| What you have to do |
The data must be given again exactly as written, with all images omitted.

| Source data |

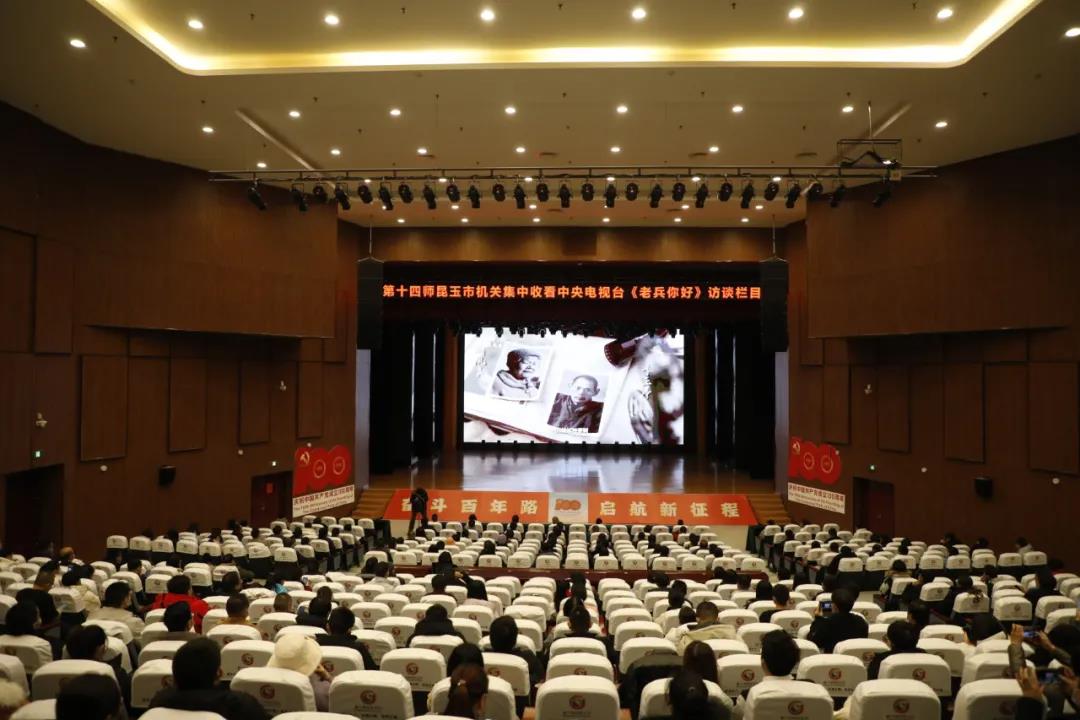 第十四师昆玉市机关集中观看中央电视台《老兵你好》访谈栏目
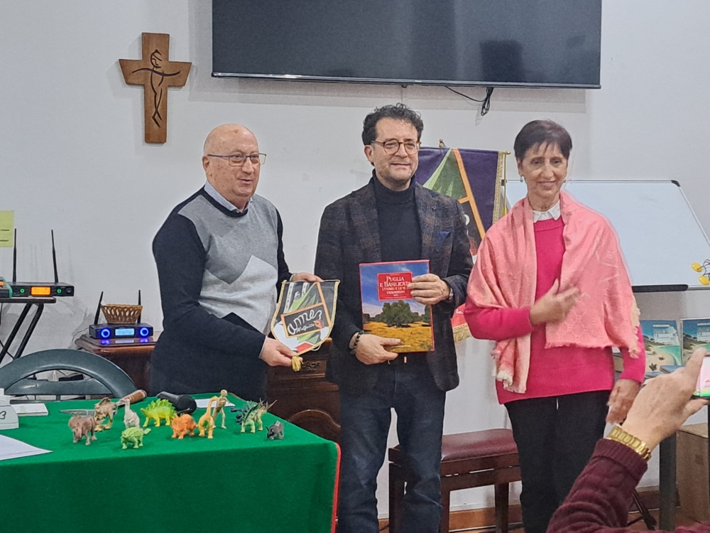 – Ancora un interessante appuntamento all’AMEB (Associazione educatori benemeriti) di Molfetta, con la conferenza-performance di Alfredo De Giovanni, geologo, musicista e divulgatore scientifico, dedicata alla storia antica della Puglia e alle tracce dei suoi dinosauri. L’evento ha attirato appassionati di geologia, paleontologia e cultura locale, trasformando la scoperta scientifica in un’esperienza immersiva e coinvolgente. La Puglia nasconde un passato sorprendente fatto di mari tropicali, barriere coralline e dinosauri. Durante il Cretaceo inferiore e superiore, tra circa 145 e 66 milioni di anni fa, il territorio faceva parte della Piattaforma Apula, una vasta piattaforma carbonatica sul margine della placca africana. Le acque erano calde e poco profonde, perfette per la deposizione di fanghi e sabbie carbonatiche, per la crescita di barriere coralline e rudisti e per la formazione di lagune e piane tidali, molto simili a quelle delle moderne Bahamas. Questi sedimenti, nel corso del tempo, si sono trasformati in rocce calcaree bianche, stratificate e compatte, visibili oggi lungo le scogliere, le cave e le colline della Murgia, del Gargano e delle Serre del Salento. Su queste piane tidali emerse camminavano dinosauri erbivori e carnivori, lasciando impronte che ancora oggi costituiscono preziose testimonianze paleontologiche. La Puglia è oggi la regione con la maggiore concentrazione di orme di dinosauro al mondo, con oltre 30 geositi censiti. Tra i più importanti c’è Pontrelli ad Altamura, dove sono state rinvenute circa 30.000 impronte su superfici di strato in situ. Anche nella nostra Molfetta, nel sito San Leonardo vicino al Pulo, nel 2005 vennero scoperte tracce significative che hanno contribuito a mappare la diffusione dei dinosauri nelle Murge nord-orientali. Questi siti documentano sia impronte su strati originali sia su blocchi calcarei distaccati, offrendo informazioni uniche su locomozione, paleoecologia e dinamiche sedimentarie delle piattaforme carbonatiche. Il libro Puglia. Le Bahamas dei dinosauri, pubblicato da ERF Edizioni e scritto da Alfredo De Giovanni, geologo, musicista e divulgatore scientifico, accompagna i lettori in questo viaggio nel tempo. L’opera è strutturata in due parti: una narrativa, di circa cento pagine, e una sezione scientifica molto più ampia, oltre duecento pagine. Il testo è ricco di tavole, schemi, fotografie, note, tabelle e QR code che rimandano ad altri materiali. Ogni capitolo è introdotto da massime di autori come Albert Einstein, Oriana Fallaci e Confucio che rendono la lettura stimolante e multidisciplinare. La sezione narrativa si svolge nell’Alta Murgia nel 2013: il protagonista, Nino, ha diciannove anni e lavora nella cava di pietra calcarea della sua famiglia a Ruvo di Puglia. Una frana improvvisa porta alla luce impronte di dinosauri risalenti al Cretaceo. Grazie a Johanna, una giovane italoamericana e figlia di un noto geologo, Robert Wake, Nino comprende il valore della scoperta, che trasformerà la sua vita. La parte scientifica approfondisce la stratigrafia delle piattaforme carbonatiche, la sedimentologia dei calcari cretacei, le barriere coralline e i rudisti, la paleontologia dei dinosauri e la distribuzione dei geositi regionali. In questo modo il libro assume un doppio ruolo, quello di romanzo e di testo divulgativo, utile sia agli esperti sia agli appassionati di geologia e paleontologia. La presentazione-performance multimediale ha trasformato la scienza in racconto immersivo. Attraverso proiezioni e mappe geologiche, il pubblico ha ammirato rocce, stratigrafia e impronte fossili come se fossero sul posto. Suoni e musiche hanno ricreato l’atmosfera dei mari cretacei, mentre la narrazione teatrale ha guidato lungo le fasi della formazione delle piattaforme carbonatiche e della deposizione dei sedimenti. La performance ha permesso inoltre di interagire con campioni di rocce e calchi di impronte, collegando direttamente il racconto alla realtà scientifica. In questo modo rigore scientifico e narrazione creativa si fondono, rendendo accessibile a studenti, curiosi e appassionati la storia antica della Puglia, trasformando la geologia e la paleontologia in un’esperienza sensoriale e coinvolgente. Al termine della conferenza, De Giovanni è stato omaggiato dal presidente prof. Michele Laudadio con il gagliardetto dell’AMEB e con una copia del libro Puglia e Basilicata, l’uomo e le sue tradizioni.
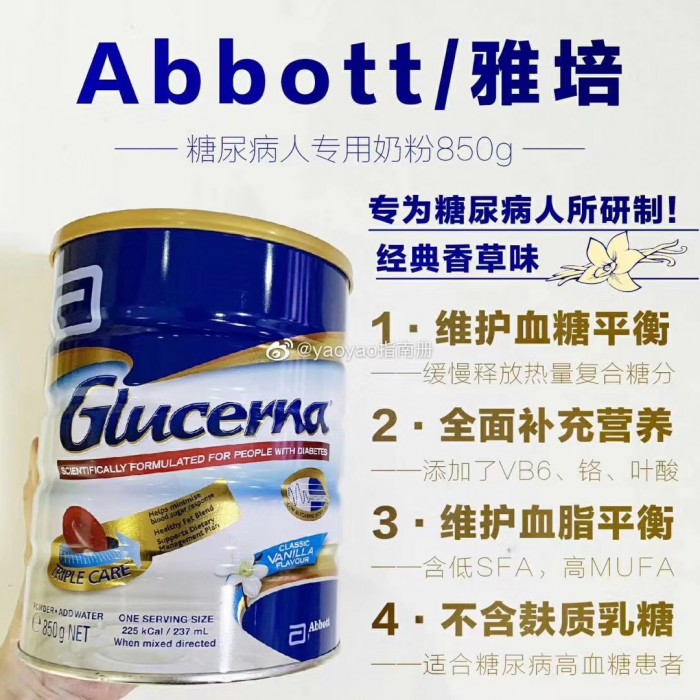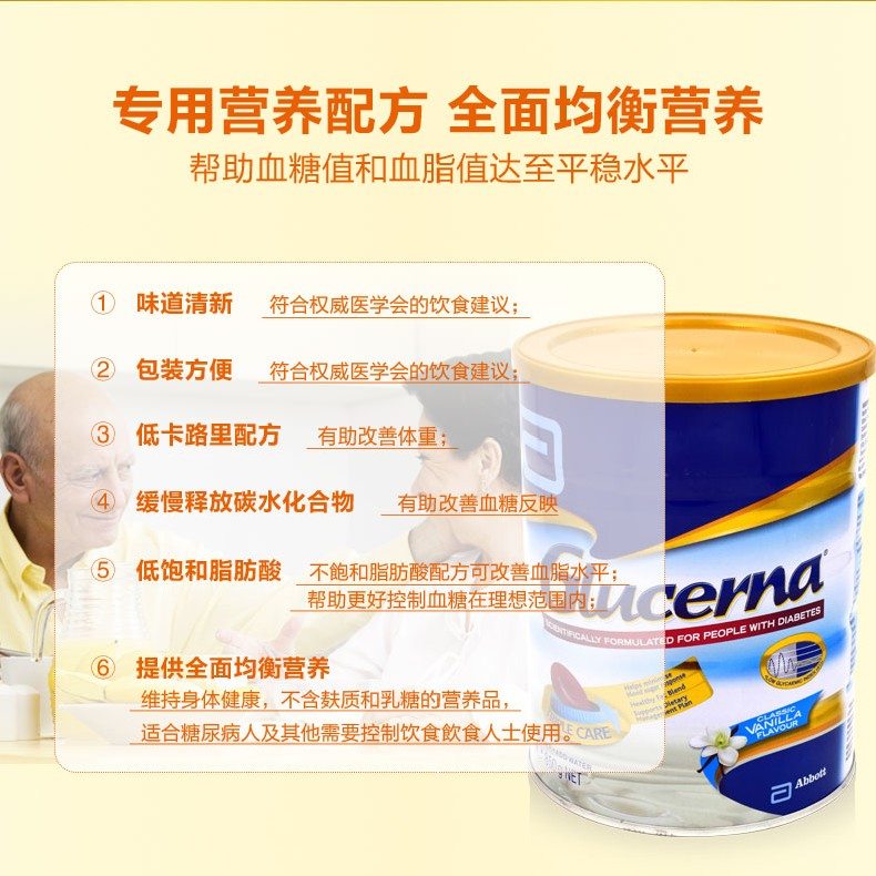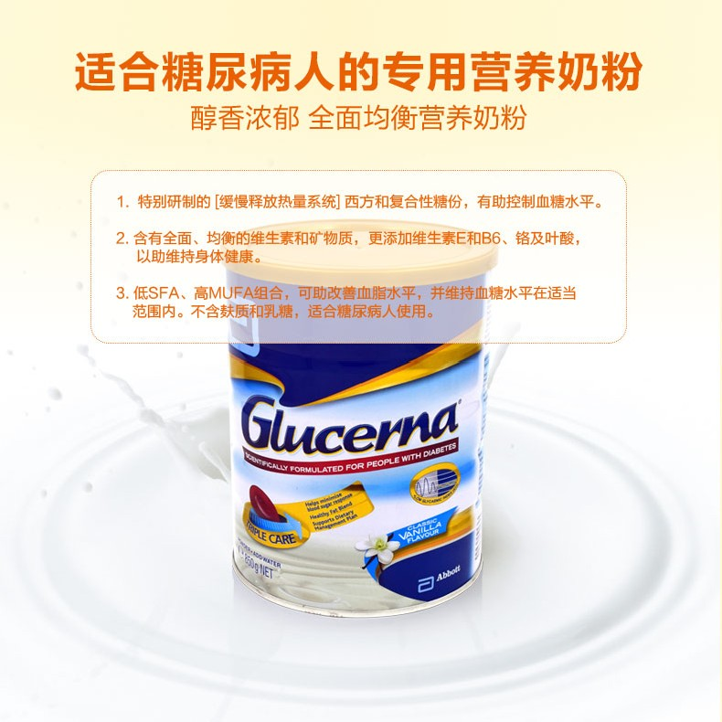 Glucerna无糖营养奶粉/糖尿病奶粉/高血糖专用营养粉850克老人、糖尿病、高血压、高糖血孕妇可以放心用食,专业配方不,含蔗糖、果糖,3倍防护,稳血定糖、营养均衡、将血压、胆固控醇制于目水标平(瓶身显的眼介绍),有效降餐低后血糖胰及岛素反应,帮保助持血浓糖度

| Answer to this exercise |
 第十四师昆玉市机关集中观看中央电视台《老兵你好》访谈栏目
 – Ancora un interessante appuntamento all’AMEB (Associazione educatori benemeriti) di Molfetta, con la conferenza-performance di Alfredo De Giovanni, geologo, musicista e divulgatore scientifico, dedicata alla storia antica della Puglia e alle tracce dei suoi dinosauri. L’evento ha attirato appassionati di geologia, paleontologia e cultura locale, trasformando la scoperta scientifica in un’esperienza immersiva e coinvolgente. La Puglia nasconde un passato sorprendente fatto di mari tropicali, barriere coralline e dinosauri. Durante il Cretaceo inferiore e superiore, tra circa 145 e 66 milioni di anni fa, il territorio faceva parte della Piattaforma Apula, una vasta piattaforma carbonatica sul margine della placca africana. Le acque erano calde e poco profonde, perfette per la deposizione di fanghi e sabbie carbonatiche, per la crescita di barriere coralline e rudisti e per la formazione di lagune e piane tidali, molto simili a quelle delle moderne Bahamas. Questi sedimenti, nel corso del tempo, si sono trasformati in rocce calcaree bianche, stratificate e compatte, visibili oggi lungo le scogliere, le cave e le colline della Murgia, del Gargano e delle Serre del Salento. Su queste piane tidali emerse camminavano dinosauri erbivori e carnivori, lasciando impronte che ancora oggi costituiscono preziose testimonianze paleontologiche. La Puglia è oggi la regione con la maggiore concentrazione di orme di dinosauro al mondo, con oltre 30 geositi censiti. Tra i più importanti c’è Pontrelli ad Altamura, dove sono state rinvenute circa 30.000 impronte su superfici di strato in situ. Anche nella nostra Molfetta, nel sito San Leonardo vicino al Pulo, nel 2005 vennero scoperte tracce significative che hanno contribuito a mappare la diffusione dei dinosauri nelle Murge nord-orientali. Questi siti documentano sia impronte su strati originali sia su blocchi calcarei distaccati, offrendo informazioni uniche su locomozione, paleoecologia e dinamiche sedimentarie delle piattaforme carbonatiche. Il libro Puglia. Le Bahamas dei dinosauri, pubblicato da ERF Edizioni e scritto da Alfredo De Giovanni, geologo, musicista e divulgatore scientifico, accompagna i lettori in questo viaggio nel tempo. L’opera è strutturata in due parti: una narrativa, di circa cento pagine, e una sezione scientifica molto più ampia, oltre duecento pagine. Il testo è ricco di tavole, schemi, fotografie, note, tabelle e QR code che rimandano ad altri materiali. Ogni capitolo è introdotto da massime di autori come Albert Einstein, Oriana Fallaci e Confucio che rendono la lettura stimolante e multidisciplinare. La sezione narrativa si svolge nell’Alta Murgia nel 2013: il protagonista, Nino, ha diciannove anni e lavora nella cava di pietra calcarea della sua famiglia a Ruvo di Puglia. Una frana improvvisa porta alla luce impronte di dinosauri risalenti al Cretaceo. Grazie a Johanna, una giovane italoamericana e figlia di un noto geologo, Robert Wake, Nino comprende il valore della scoperta, che trasformerà la sua vita. La parte scientifica approfondisce la stratigrafia delle piattaforme carbonatiche, la sedimentologia dei calcari cretacei, le barriere coralline e i rudisti, la paleontologia dei dinosauri e la distribuzione dei geositi regionali. In questo modo il libro assume un doppio ruolo, quello di romanzo e di testo divulgativo, utile sia agli esperti sia agli appassionati di geologia e paleontologia. La presentazione-performance multimediale ha trasformato la scienza in racconto immersivo. Attraverso proiezioni e mappe geologiche, il pubblico ha ammirato rocce, stratigrafia e impronte fossili come se fossero sul posto. Suoni e musiche hanno ricreato l’atmosfera dei mari cretacei, mentre la narrazione teatrale ha guidato lungo le fasi della formazione delle piattaforme carbonatiche e della deposizione dei sedimenti. La performance ha permesso inoltre di interagire con campioni di rocce e calchi di impronte, collegando direttamente il racconto alla realtà scientifica. In questo modo rigore scientifico e narrazione creativa si fondono, rendendo accessibile a studenti, curiosi e appassionati la storia antica della Puglia, trasformando la geologia e la paleontologia in un’esperienza sensoriale e coinvolgente. Al termine della conferenza, De Giovanni è stato omaggiato dal presidente prof. Michele Laudadio con il gagliardetto dell’AMEB e con una copia del libro Puglia e Basilicata, l’uomo e le sue tradizioni.
 Glucerna无糖营养奶粉/糖尿病奶粉/高血糖专用营养粉850克老人、糖尿病、高血压、高糖血孕妇可以放心用食,专业配方不,含蔗糖、果糖,3倍防护,稳血定糖、营养均衡、将血压、胆固控醇制于目水标平(瓶身显的眼介绍),有效降餐低后血糖胰及岛素反应,帮保助持血浓糖度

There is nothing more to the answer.